Fue Jacqueline quien se lo preguntó:

—¿Lo estaba, Anne-Marie?

—¿Qué?

—El señor Vogel. ¿Estaba presente cuando tú te quitaste la ropa?

—No.

Albert Vogel sonrió.

—¿Satisfecho, doctor Brimont?

—Sólo a medias —gruñó Alain Brimont.

—¿Le preocupa algo más?

—¿Por qué estaba cerrada la puerta con llave?

—Eso —dijo Jacqueline.

—No me gusta que nadie me interrumpa, cuando estoy atendiendo a uno de mis pacientes —respondió Vogel.

—¿Qué le estaba haciendo a Anne-Marie? —interrogó Brimont.

—Eso es un secreto, doctor Brimont.

—No sería nada bueno, cuando ella gritó.

—Se equivoca.

Jacqueline Legrand intervino de nuevo:

—¿Cuánto tiempo piensa tenerla aquí, señor Vogel?

—Yo no le pedí a su hermana que viniera, Jacqueline. Ella vino por su propia voluntad. Todas las personas que encontrarán ustedes en Verraud, están aquí por su propio deseo. Eran enfermos graves, desahuciados por los médicos, cuya muerte era sólo cuestión de horas o de días... Yo, con este extraordinario poder de curación que el cielo me ha dado, logre sanarlos. Algunos de ellos, agradecidos, decidieron venir a vivir a Verraud, estar cerca del hombre que les había salvado la vida... Yo no me opuse en ninguno de los casos. Verraud, cuando yo me instalé aquí, era un pueblo abandonado. Hay sitio para todos. Y a mí no me molesta su compañía. Vivimos como una familia, lo compartimos todo.

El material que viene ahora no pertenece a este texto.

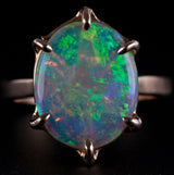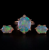 Do you have someone in your life who has an October birthday? This 18k yellow gold opal ring and earring set would make a great gift! With 'AAA' quality opal, which is the best, the earrings and ring are sure to make anyone smile. Give the gift of stunning opals.
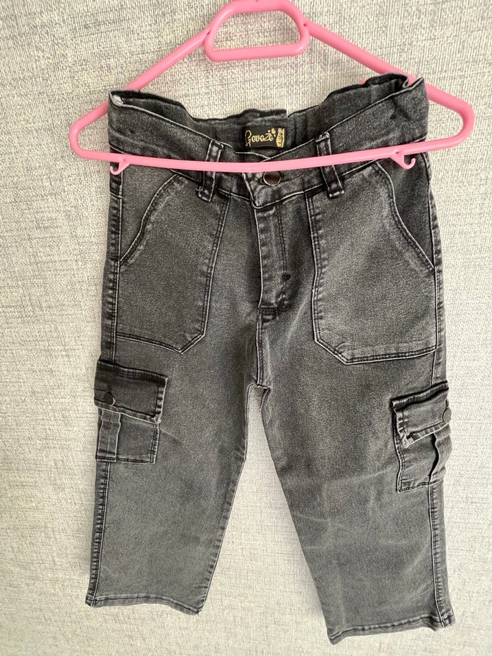 Beli lastikli ayarlanabilir gri kot kumaştan, bol kesim kot pantolon. Rahat sokak stili için uygun.9 yaş yazıyor ama 7 8 yaş için daha uygundur
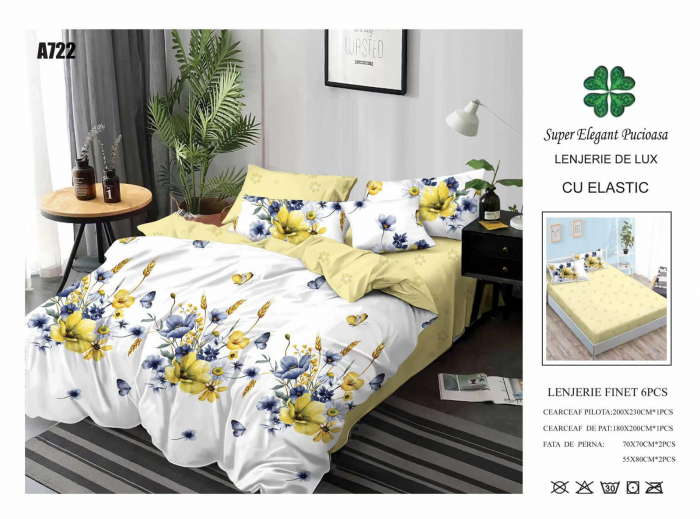 Cearceaful de pat cu elastic foarte practic, acesta nu mai iese de sub saltea, iar patul este mereu aranjat.
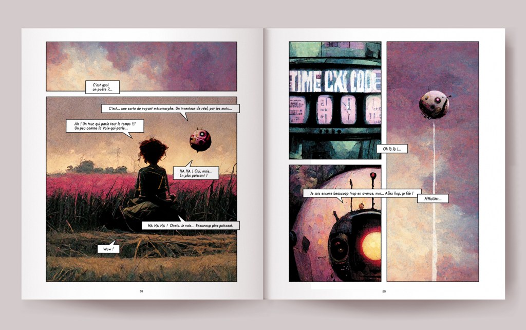 Thierry Murat n’est pas à sa première bande dessinée. Il a fait sa place aussi bien du côté du scénario que du dessin. En 2020, il écrit un scénario qu’il met de côté. Suite à la motivation de sa progéniture, il décide de faire son art autrement. Il se lance dans la conception du dessin par le biais d’une IA, Midjourney 3. Cinq mois de travail a été nécessaire pour aboutir à 150 pages. Son éditeur refuse de la publier à cause de son choix d’outil. Qu’importe. Il lance une campagne sur Ulule pour récolter 23 354€ sur les 19 400€ demandé. L’album est tiré à 2.000 exemplaires, sous le label Log Out qu’il a créé. Et comme l’IA et BD restent peu fréquent, les médias ont décidé de parler de l’ouvrage. Principalement de son choix d’édition et non sur le récit en lui-même. Mais de la com, c’est toujours bon à prendre.
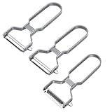 • Praktisches Set: Das Set besteht aus einem P - Schäler und drei Ersatzklingen. Die flachen Klingen sind ideal für das Schälen von hartem Obst und Gemüse wie Kartoffeln und Spargel. Das Wellenschliff - Messer hingegen ist perfekt für weiches Obst und Gemüse wie Kiwis und Tomaten. Das Julienne-Klinge sich hervorragend zum Zerkleinern von Möhren, Gurken und anderen Gemüsesorten. Diese Kombination deckt die meisten Bedürfnisse in der Küche ab.

—¿Todo...? —repitió Alain Brimont, en tono sarcástico.

Albert Vogel chasqueó la lengua.

—Ya está usted de nuevo pensando mal, doctor Brimont.

—Es que todo esto me parece muy raro.

—¿Qué es lo que le parece raro, doctor?

—En primer lugar, que sea usted capaz de curar enfermedades como la leucemia, por ejemplo. Es el caso de Francine Golay...

Vogel sonrió sin ninguna presunción.

—Yo, mientras Dios siga depositando su confianza en mí, puedo curar cualquier enfermedad, doctor Brimont. El día que El me retire el maravilloso poder que me concedió, no podré curar ni un vulgar catarro.

Brimont volvió los ojos hacia Anne-Marie Legrand.

—¿Es cierto que la grave dolencia cardíaca que padecía Anne-Marie, ha desaparecido por completo? —interrogó.

—Sí, lo es —asintió Vogel.

—¿Me deja que lo compruebe?

—Es Anne-Marie quien tiene que dejarle, no yo. Si ella está de acuerdo en que usted la examine, yo no me opondré. ¿Qué respondes, Anne-Marie?

Anne-Marie Legrand clavó sus fríos ojos en Alain Brimont.

—No quiero que usted me examine, doctor Brimont.

—¡Anne-Marie! —exclamó Jacqueline.

—Nadie volverá a examinarme. Sólo el señor Vogel pondrá sus manos sobre mí.

—Pero...

—Márchate, Jacqueline. Y ¡lévate al doctor Brimont.

Jacqueline Legrand miró a Alain Brimont, como preguntándole:

«¿Qué podemos hacer, doctor...?»

Brimont no dijo nada.

Albert Vogel hizo un gesto significativo con las manos.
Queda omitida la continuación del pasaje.